START DATASET EXTRACT

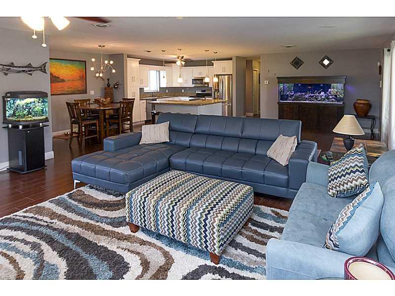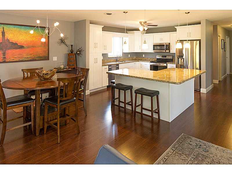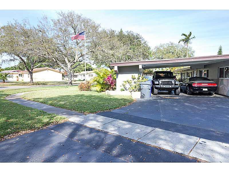 CHIC-ELEGANT-SPACIOUS! Featuring REAL OPEN LIVING AREA, laminated wood floors, IMPACT RESISTANT WINDOWS, laundry/utility rm, 2 car carport and circular driveway. The living-dining-kitchen area is totally open giving a very modern style to the house. The K ITCHEN REMODELED in white w/ STAINLESS STEEL APPLIANCES and Golden Sunset GRANITE TOPS. Two beautiful EUROPEAN STYLE REMODELED BATHROOMS with double sink in the master. YOU'LL FALL IN LOVE with the awesome wood deck, is the perfect place to unwind at home
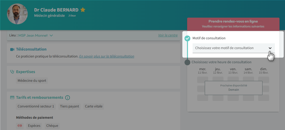 2. Sélectionnez le motif de consultation :
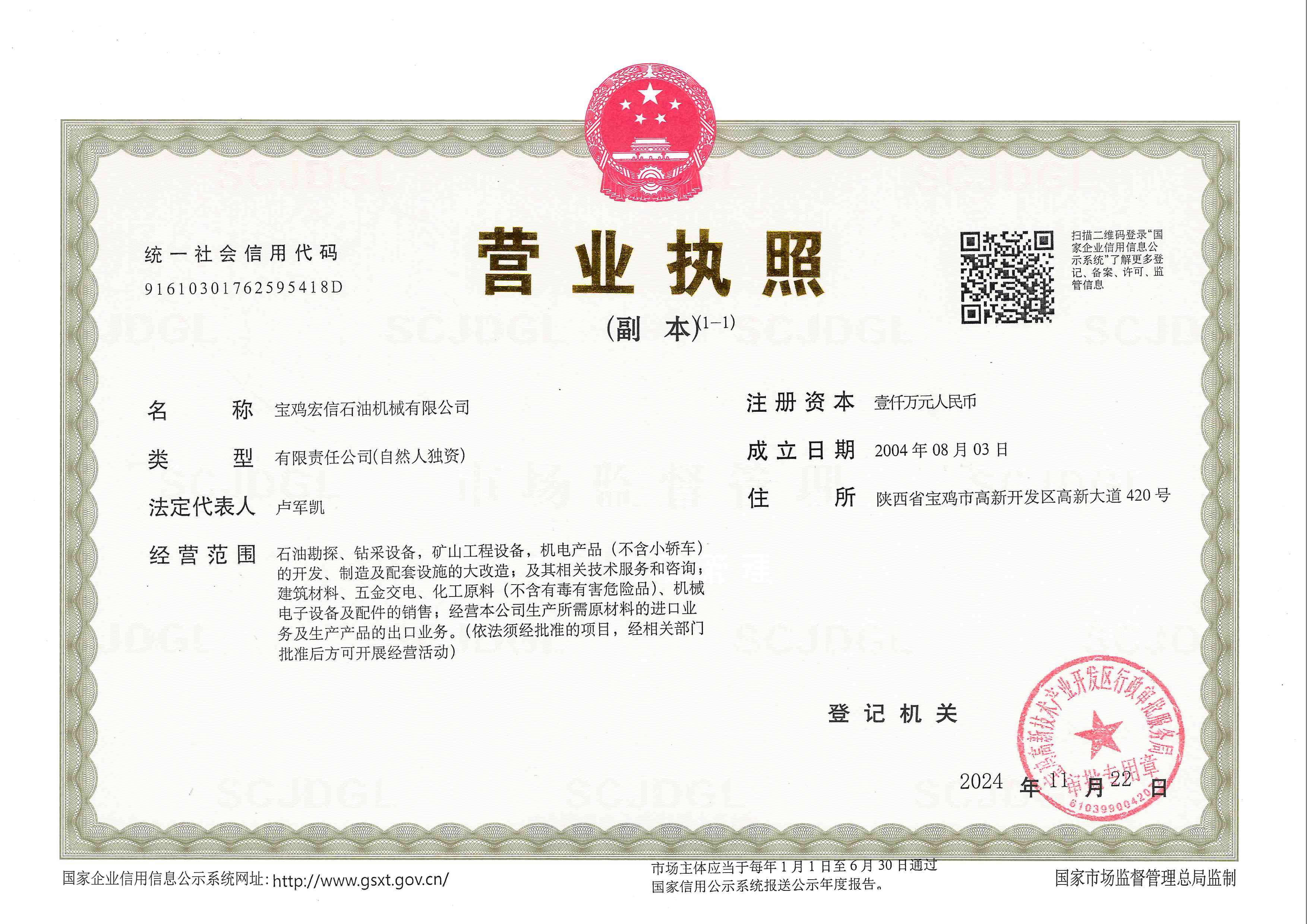 欢迎访问宝鸡宏信石油机械有限公司网站 今天是:
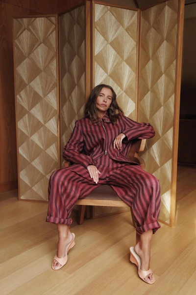 Базовым вариантом на жаркое лето становятся костюмы из льна, в составе которых есть поливискоза. Именно она помогает ткани меньше мяться и лучше держать форму. Для составления более расслабленного образа можно выбрать костюм в винно-малиновом оттенке.

END DATASET EXTRACT

WHAT THE TASK REQUIRES: Please reproduce the listing exactly, leaving out any pictures.

RESULT:
 CHIC-ELEGANT-SPACIOUS! Featuring REAL OPEN LIVING AREA, laminated wood floors, IMPACT RESISTANT WINDOWS, laundry/utility rm, 2 car carport and circular driveway. The living-dining-kitchen area is totally open giving a very modern style to the house. The K ITCHEN REMODELED in white w/ STAINLESS STEEL APPLIANCES and Golden Sunset GRANITE TOPS. Two beautiful EUROPEAN STYLE REMODELED BATHROOMS with double sink in the master. YOU'LL FALL IN LOVE with the awesome wood deck, is the perfect place to unwind at home
 2. Sélectionnez le motif de consultation :
 欢迎访问宝鸡宏信石油机械有限公司网站 今天是:
 Базовым вариантом на жаркое лето становятся костюмы из льна, в составе которых есть поливискоза. Именно она помогает ткани меньше мяться и лучше держать форму. Для составления более расслабленного образа можно выбрать костюм в винно-малиновом оттенке.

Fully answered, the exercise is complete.